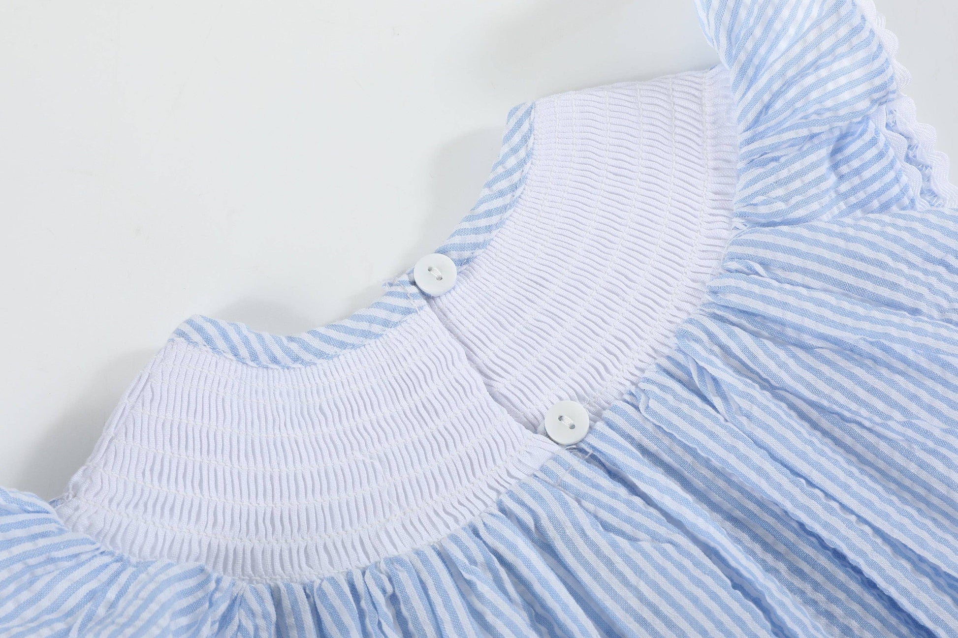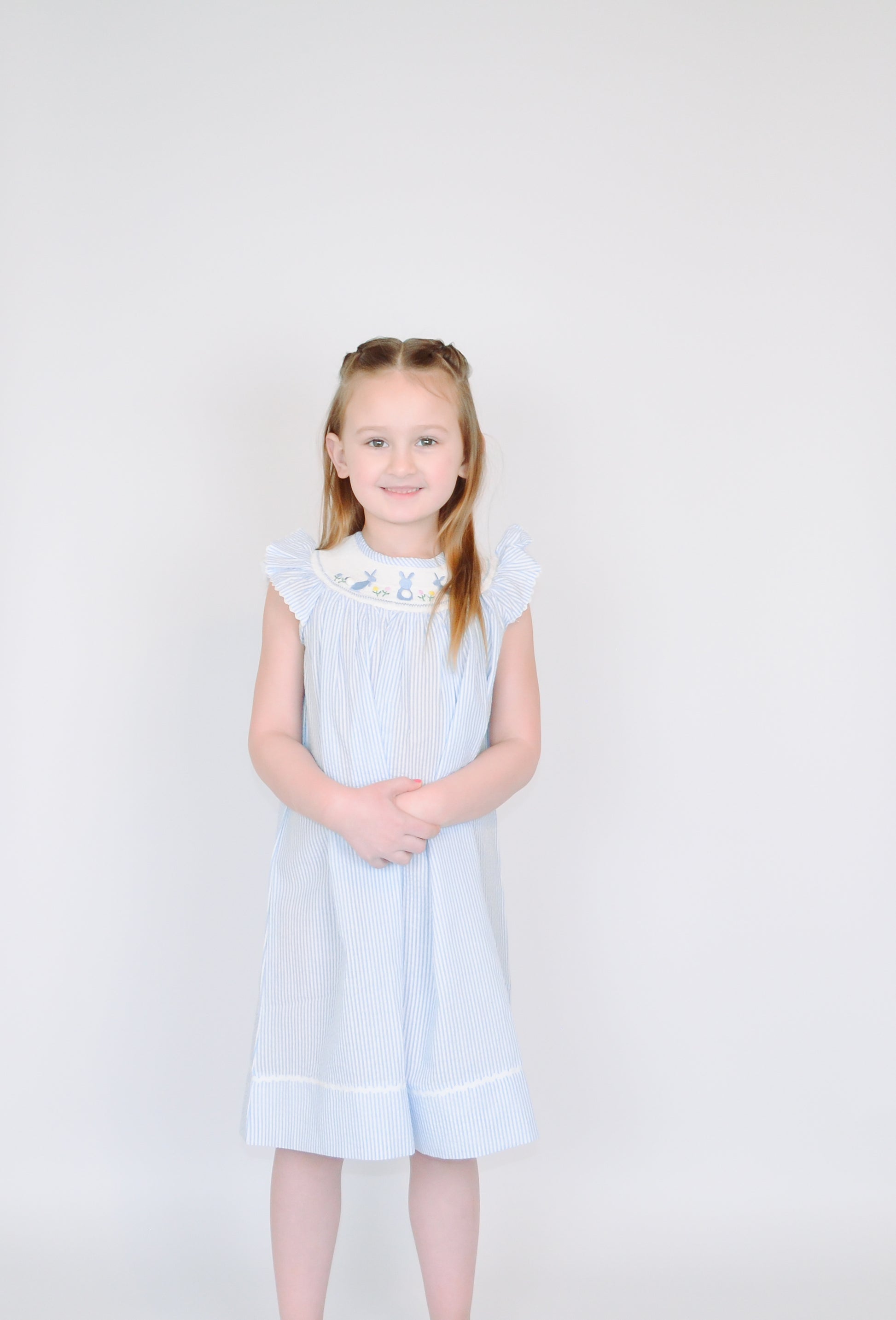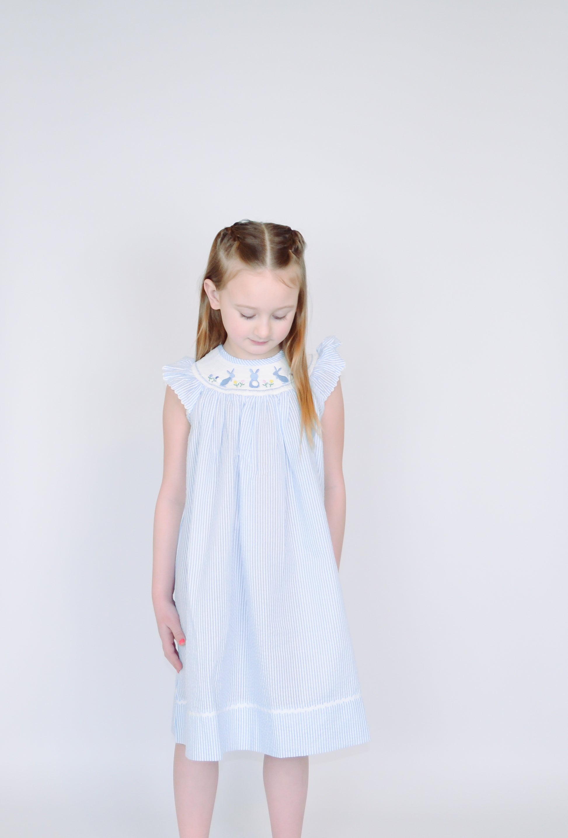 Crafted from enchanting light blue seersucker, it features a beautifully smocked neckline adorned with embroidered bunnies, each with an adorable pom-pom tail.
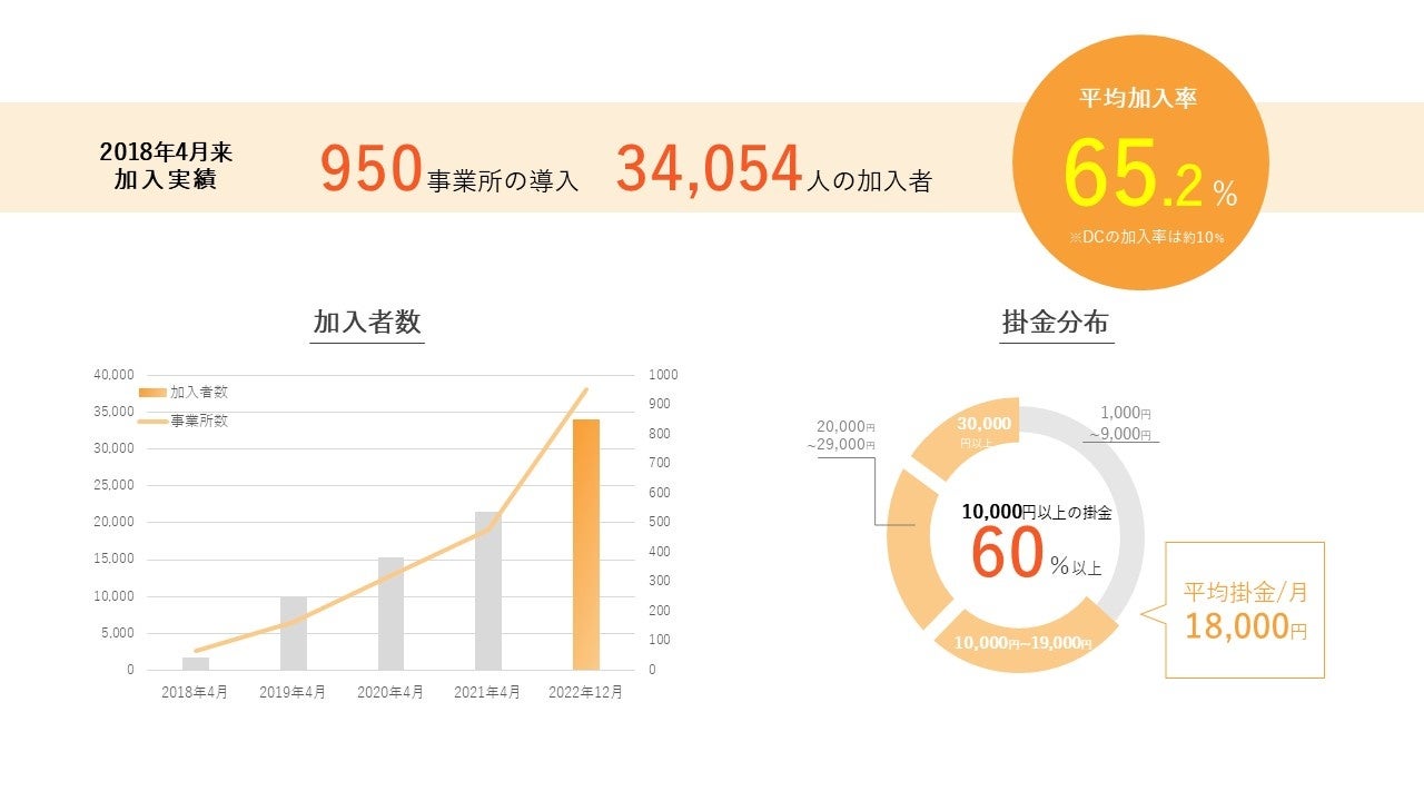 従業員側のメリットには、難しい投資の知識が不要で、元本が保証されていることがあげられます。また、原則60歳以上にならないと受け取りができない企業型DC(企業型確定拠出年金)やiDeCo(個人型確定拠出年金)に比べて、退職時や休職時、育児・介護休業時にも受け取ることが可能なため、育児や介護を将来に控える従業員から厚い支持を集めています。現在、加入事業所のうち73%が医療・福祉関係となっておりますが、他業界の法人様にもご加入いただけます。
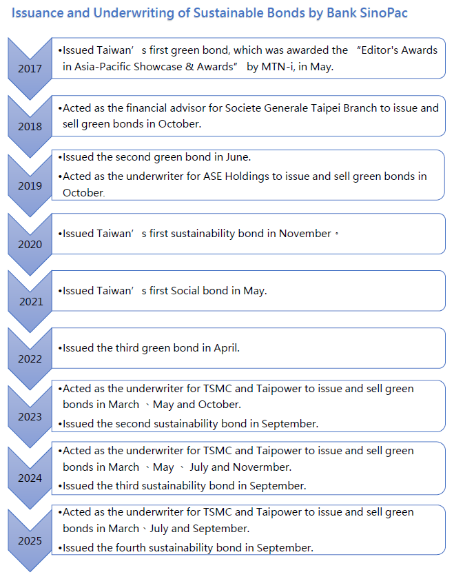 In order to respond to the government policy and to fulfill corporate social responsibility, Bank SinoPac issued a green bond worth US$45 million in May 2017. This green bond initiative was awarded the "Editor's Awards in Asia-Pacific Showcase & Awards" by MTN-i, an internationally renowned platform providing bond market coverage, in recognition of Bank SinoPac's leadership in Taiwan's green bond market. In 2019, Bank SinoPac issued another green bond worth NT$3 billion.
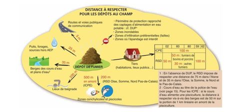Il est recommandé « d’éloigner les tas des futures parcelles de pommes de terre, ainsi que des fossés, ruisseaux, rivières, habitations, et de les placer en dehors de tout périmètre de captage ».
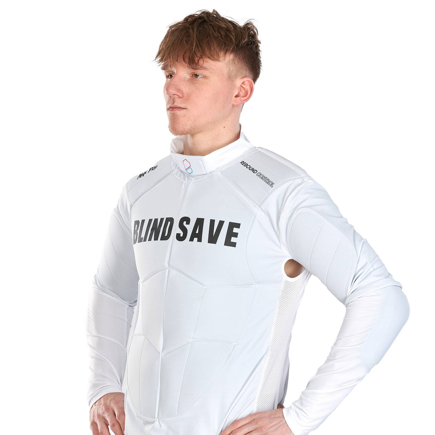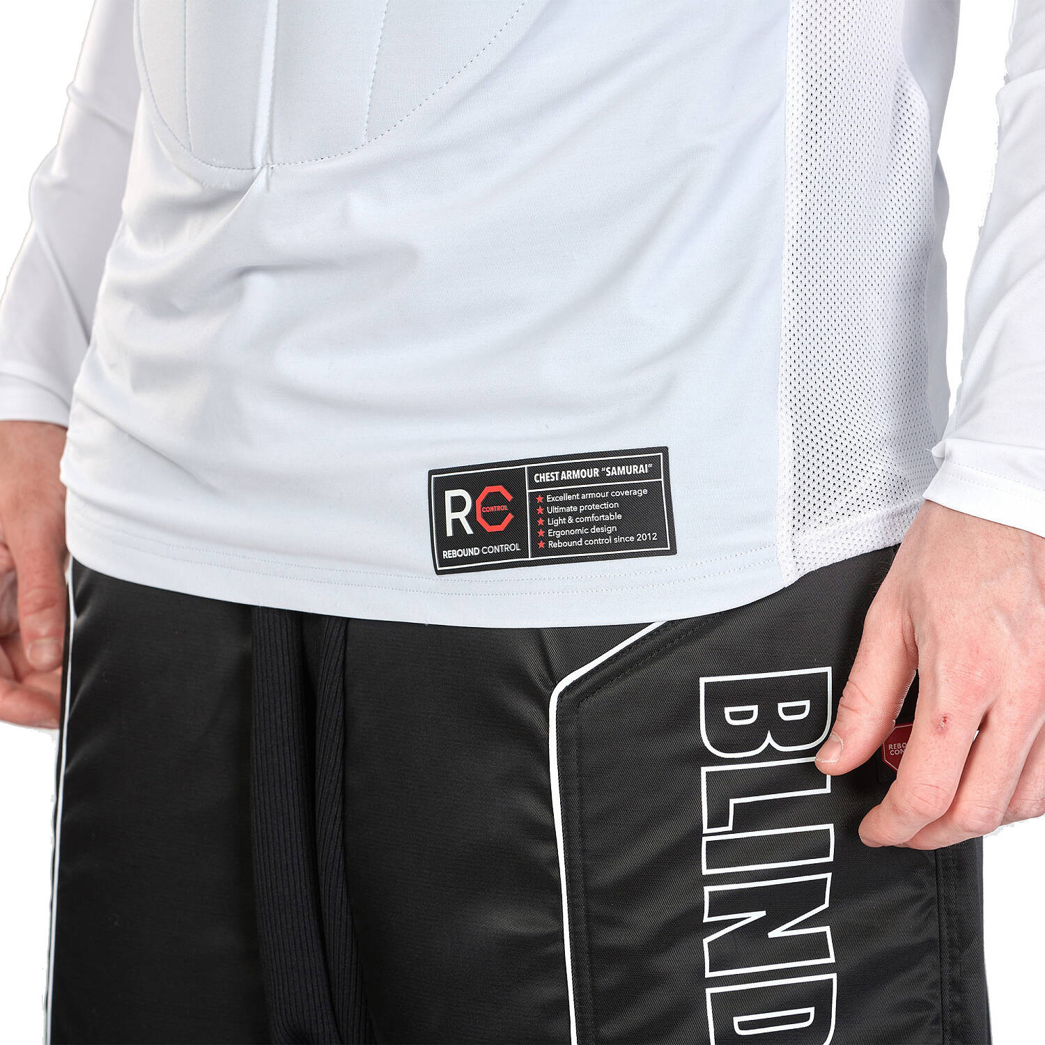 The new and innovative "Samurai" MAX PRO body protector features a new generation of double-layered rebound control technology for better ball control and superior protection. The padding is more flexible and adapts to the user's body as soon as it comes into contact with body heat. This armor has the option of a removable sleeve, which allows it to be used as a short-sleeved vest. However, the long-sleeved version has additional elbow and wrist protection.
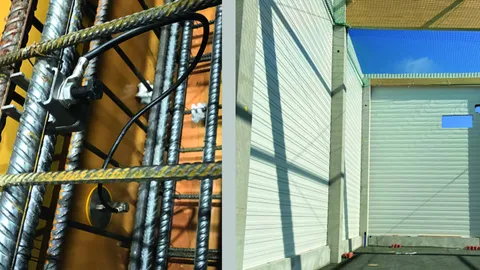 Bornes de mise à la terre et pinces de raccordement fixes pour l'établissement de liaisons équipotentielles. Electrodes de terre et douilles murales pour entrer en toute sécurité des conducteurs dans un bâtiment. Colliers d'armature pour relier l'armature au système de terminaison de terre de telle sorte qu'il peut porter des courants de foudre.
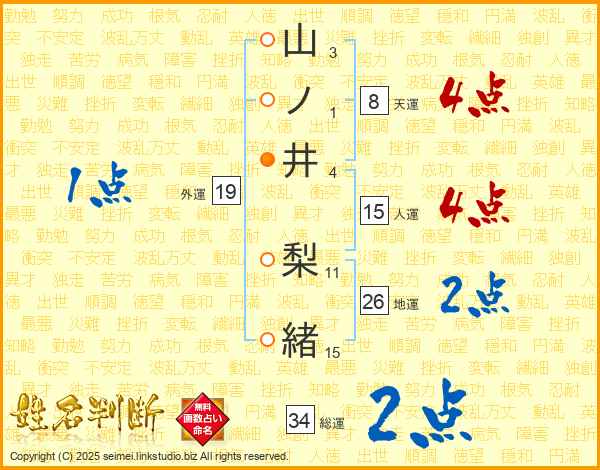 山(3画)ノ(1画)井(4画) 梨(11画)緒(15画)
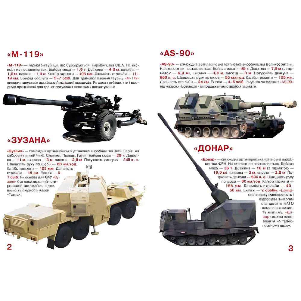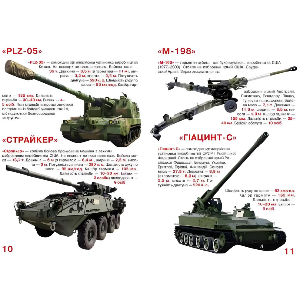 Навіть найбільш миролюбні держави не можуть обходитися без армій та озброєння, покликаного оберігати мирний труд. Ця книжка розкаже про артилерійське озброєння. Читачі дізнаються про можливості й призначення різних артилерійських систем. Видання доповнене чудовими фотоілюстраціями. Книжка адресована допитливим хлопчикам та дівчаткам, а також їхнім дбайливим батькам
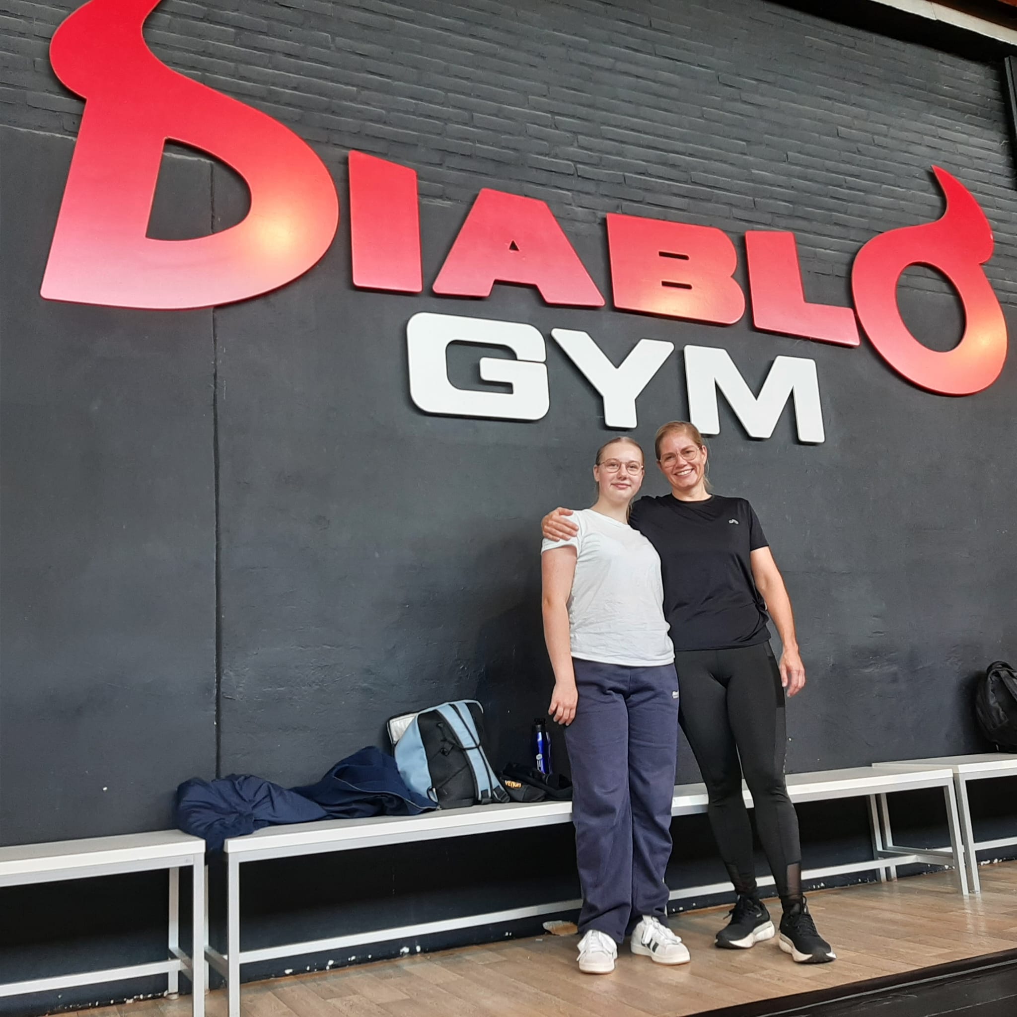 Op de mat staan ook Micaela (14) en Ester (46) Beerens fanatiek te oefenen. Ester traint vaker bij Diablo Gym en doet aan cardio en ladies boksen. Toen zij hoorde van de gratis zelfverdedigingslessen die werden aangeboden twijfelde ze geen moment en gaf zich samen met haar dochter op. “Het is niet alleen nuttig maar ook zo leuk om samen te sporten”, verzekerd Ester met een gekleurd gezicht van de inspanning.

━━━━━━━━━━━━━━━━

ACTIVITY:
Locate "The new and" in the listing above, then print exactly the lines from that line through the final one, omitting all pictures.

OUTPUT:
 The new and innovative "Samurai" MAX PRO body protector features a new generation of double-layered rebound control technology for better ball control and superior protection. The padding is more flexible and adapts to the user's body as soon as it comes into contact with body heat. This armor has the option of a removable sleeve, which allows it to be used as a short-sleeved vest. However, the long-sleeved version has additional elbow and wrist protection.
 Bornes de mise à la terre et pinces de raccordement fixes pour l'établissement de liaisons équipotentielles. Electrodes de terre et douilles murales pour entrer en toute sécurité des conducteurs dans un bâtiment. Colliers d'armature pour relier l'armature au système de terminaison de terre de telle sorte qu'il peut porter des courants de foudre.
 山(3画)ノ(1画)井(4画) 梨(11画)緒(15画)
 Навіть найбільш миролюбні держави не можуть обходитися без армій та озброєння, покликаного оберігати мирний труд. Ця книжка розкаже про артилерійське озброєння. Читачі дізнаються про можливості й призначення різних артилерійських систем. Видання доповнене чудовими фотоілюстраціями. Книжка адресована допитливим хлопчикам та дівчаткам, а також їхнім дбайливим батькам
 Op de mat staan ook Micaela (14) en Ester (46) Beerens fanatiek te oefenen. Ester traint vaker bij Diablo Gym en doet aan cardio en ladies boksen. Toen zij hoorde van de gratis zelfverdedigingslessen die werden aangeboden twijfelde ze geen moment en gaf zich samen met haar dochter op. “Het is niet alleen nuttig maar ook zo leuk om samen te sporten”, verzekerd Ester met een gekleurd gezicht van de inspanning.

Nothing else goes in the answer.